Stored entries:
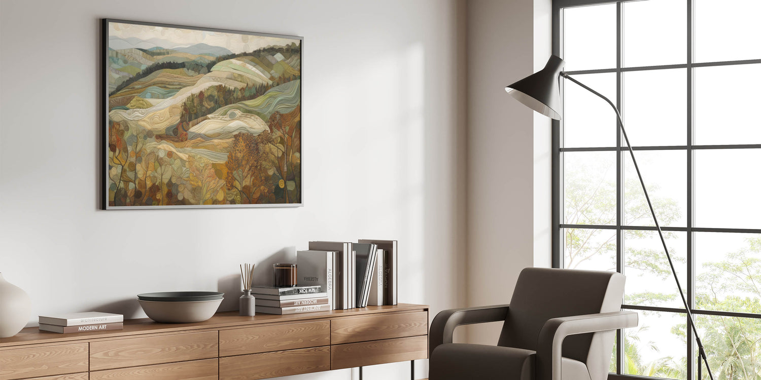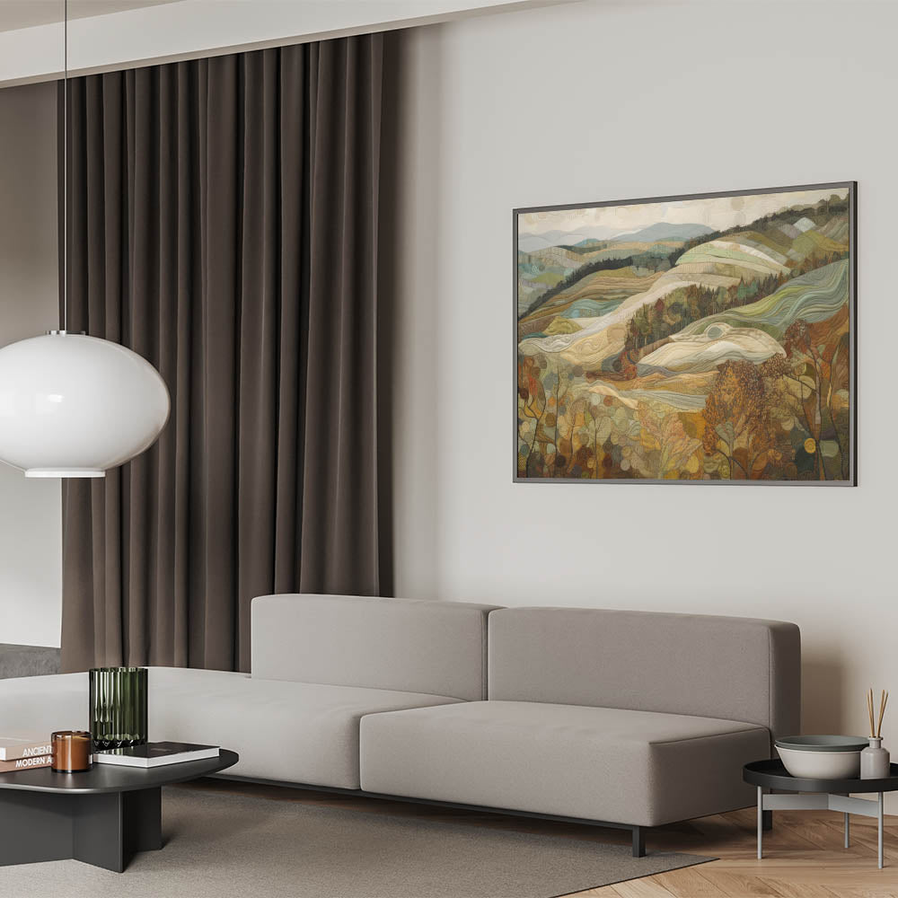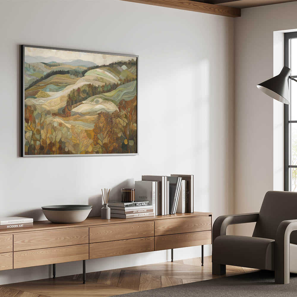 Immerse yourself in the beauty of the fall season with this breathtaking abstract landscape wall art. The artwork features rolling hills in a stunning patchwork of earth tones, including shades of beige, olive green, and muted blue. The textured, quilt-like layers create a sense of depth, evoking the peaceful ambiance of a countryside during the harvest season. Autumn trees with vibrant orange and yellow hues add a dynamic contrast, making this piece a captivating focal point for any room.
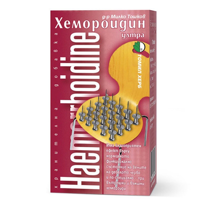 Благоприятно влияет на функциональное состояние вен толстого кишечника и специально на внутренний и наружный геморрой. Снимает воспаление и кровотечение из геморроидальных узлов. Уменьшает боль и спазмы, нормализует стул. Д-р Тошков применяет Хемороидин при лечении всех воспалений наружного и внутреннего геморроя, кровотечений, фистул и абсцессов толстого кишечника.
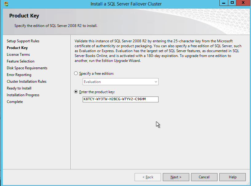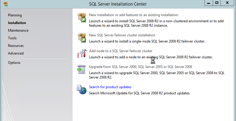 Using the SQL Server 2008 R2 media with SP3 slipstreamed, run setup and install the first node of the cluster as shown below.
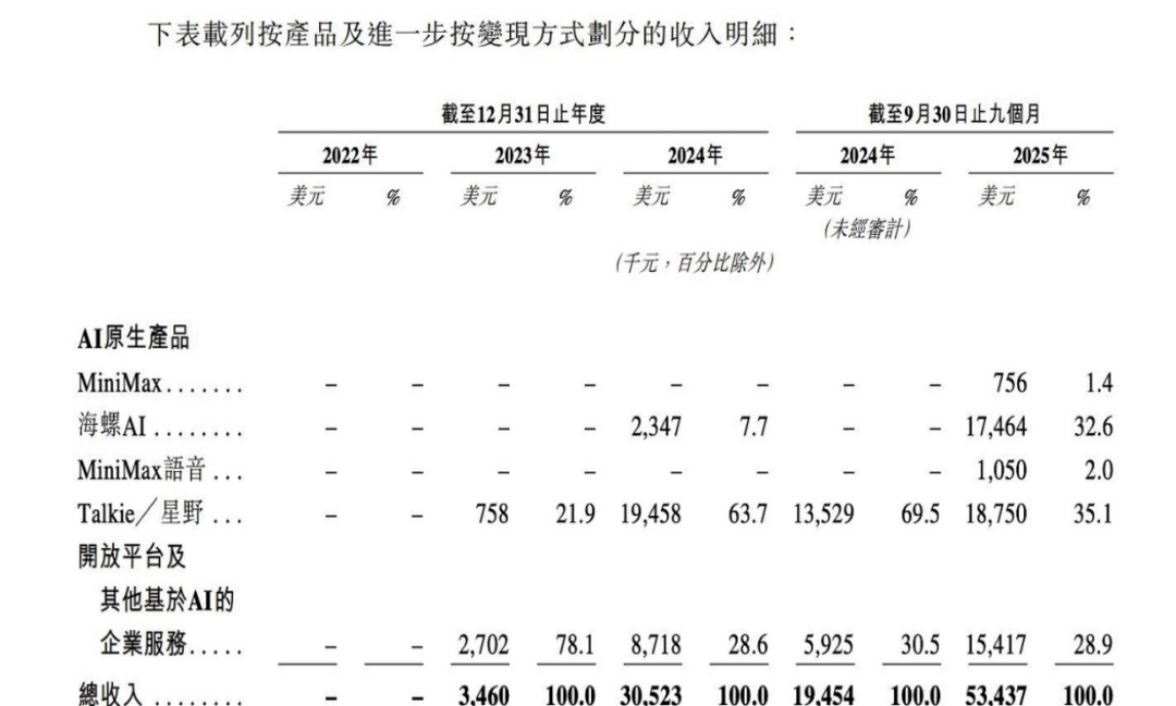 过去三年,MiniMax的收入也呈现出爆发式增长,2023年-2025年前三个季度,分别为350万美元(约为人民币2464.4万元)、3050万美元(约为人民币2.2亿元)和5340万美元(约为人民币3.8亿元)。
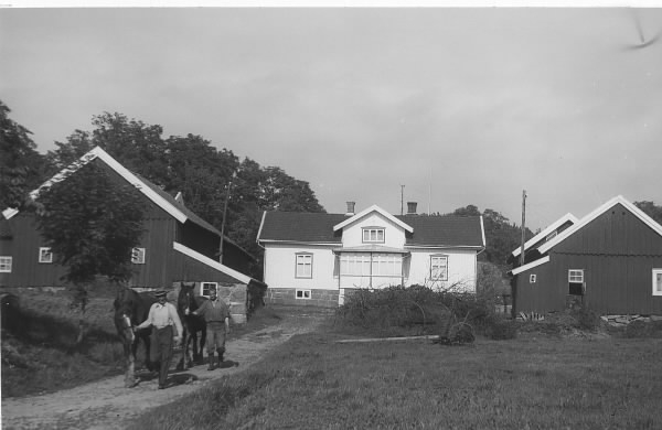 Arbetskarlar kommer gående med hästar vid Ysby gård i Vallda.
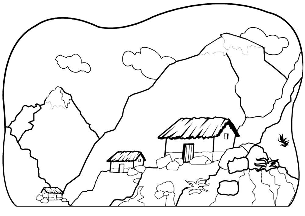 Горный пейзаж раскраска

## What this task involves
Only the lines from the one with "Using the SQL" through the end of the data, both ends included, should be written out exactly, and no pictures should appear.

## Response to this task
 Using the SQL Server 2008 R2 media with SP3 slipstreamed, run setup and install the first node of the cluster as shown below.
 过去三年,MiniMax的收入也呈现出爆发式增长,2023年-2025年前三个季度,分别为350万美元(约为人民币2464.4万元)、3050万美元(约为人民币2.2亿元)和5340万美元(约为人民币3.8亿元)。
 Arbetskarlar kommer gående med hästar vid Ysby gård i Vallda.
 Горный пейзаж раскраска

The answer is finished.